Why this is the real frontier
Two models agreeing (cross-validation) is reassuring but circular — they can share inputs and be wrong together. The only way out of the model bubble is to compare against independent in-situ instruments: weather-station gauges from networks like GHCN and ISD (pulled via the meteostat library). Those stations don't define ERA5's grid, so they're a genuinely external yardstick.
Three numbers that replace a hand-wave
- Bias — the average offset: does ERA5 run systematically warm or cool? bias = mean(satellite − station)

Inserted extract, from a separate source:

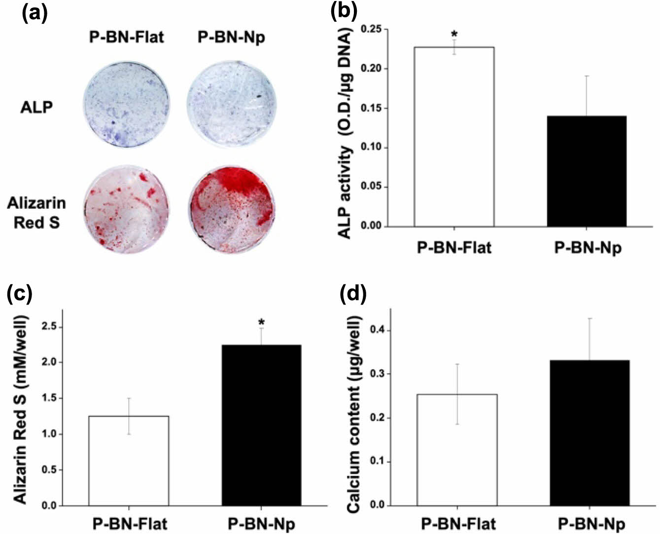 In vitro osteogenic differentiation tests on P-BN-Flat and P-BN-Np patches: (a) ALP and ARS staining of osteoblasts cultured on P-BN-Flat and P-BN-Np patches for 4 weeks. Quantification results of (b) ALP activity; (c) ARS; (d) calcium contents on PBN-Flat and P-BN-Np patches after 4 weeks (*p < 0.05).

- RMSE — typical error size, in the data's own units (°C). Penalises big misses.
- r — correlation: does it move with the stations year to year? (1 = perfect, 0 = unrelated.)
A real result reads like: "vs 14 stations / 218 station-years over Germany, ERA5 runs 0.25 °C cool, RMSE 0.90, r = 0.57." That's evidence, not a caveat.
Play with it
Each dot is a station: its real reading (x) vs what ERA5 said (y). The 1:1 line is "perfect agreement." Add a bias, add scatter, and — crucially — drop the station count and watch it refuse to grade itself.
Do it yourself
The honest caveats
- Stations are sparse and uneven — dense in Europe/US, thin across much of the Global South. Coverage drives whether you can validate at all.
- A station is a point; a grid cell is an area — some mismatch is expected and isn't all "error."
- This is the pillar that's only started: it turns "trust me" into a measured number where coverage allows, and an honest "unvalidated" where it doesn't. Converting that into proven-correct at scale is the ongoing work.